Ingraham assumes that Bush’s failures must go hand-in-hand with his ideological deviations, essentially defining his failures by their results (deficits, a huge bubble) rather than by their policies, which did indeed reflect exactly what conservatives demanded at the time. The ritual conservative denunciations of Bush are intended to cleanse the ideology of Bush’s sins, and through sheer repetition, most of the conservatives have made the world forget just how fervently they supported Bush through most of what they now call his errors.

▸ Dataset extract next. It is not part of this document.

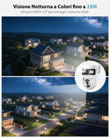 Dotata di sensori d'immagine duali da 1/3" e tre modalità di visione notturna (colorata, automatica e IR), questa telecamera esterna wifi 2MP+2MP fornisce immagini nitide, luminose e prive di rumore anche in condizioni di scarsa illuminazione, con una portata di visione notturna fino a 25 m.
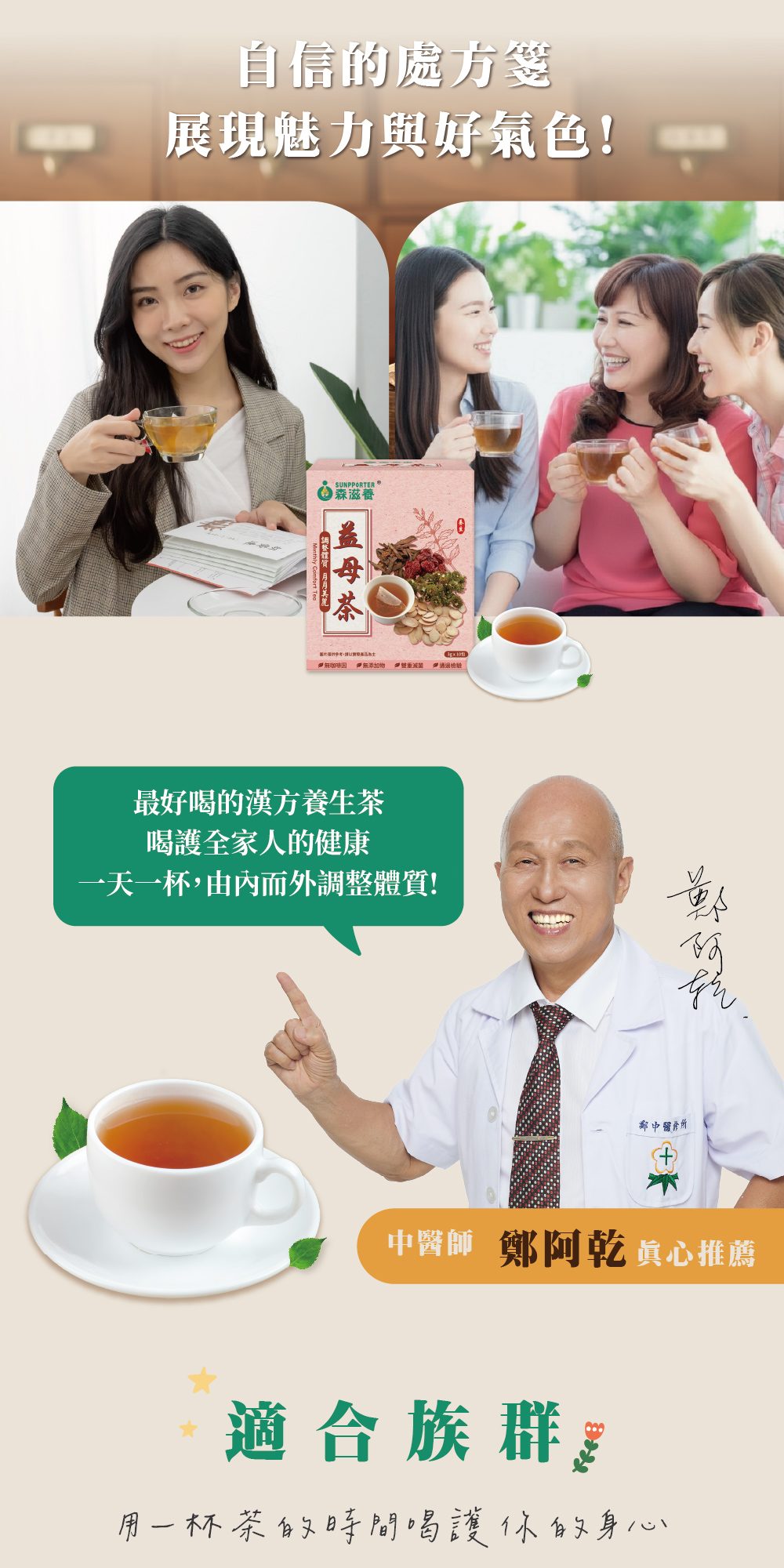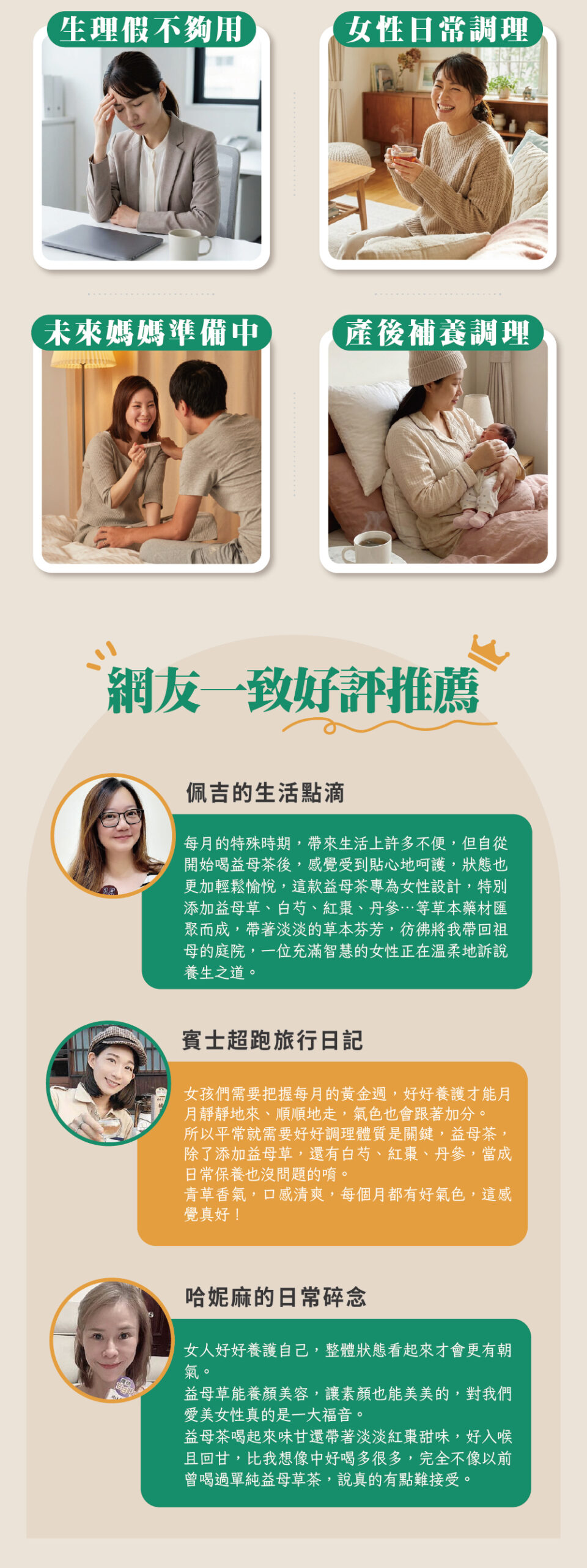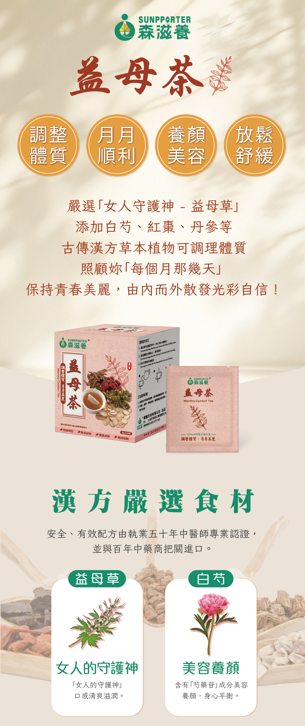 嚴選「女人守護神 – 益母草」添加白芍、紅棗、丹參等古傳漢方草本植物,可調理體質,照顧妳「每個月那幾天」,保持青春美麗,由內而外散發光彩自信!

The tension that lay beneath this delicate balance did not rise to the surface because conservatives have been mostly united throughout the Obama era. Establishmentarian Republicans and grassroots activists alike endorsed the party’s posture of total opposition to the entire Obama agenda. Immigration reform is the first time a serious tactical split has arisen within the party — the first time when a significant GOP faction has decided the party’s interests dictated cooperating with Obama in some form rather than opposing anything he could support. And so the denunciation of Bush is now being used not merely as a ritual incantation but as a conservative weapon to discredit fellow Republicans.
That explains the unusual bitterness of the internecine feud between former friends. It also explains why Republicans needed Marco Rubio, not Jeb Bush, to lead the immigration reform push. But it also points to a larger question facing the party. Conservatives need to decide if their denunciations of Bush are a mere rhetorical device or a genuine strategy.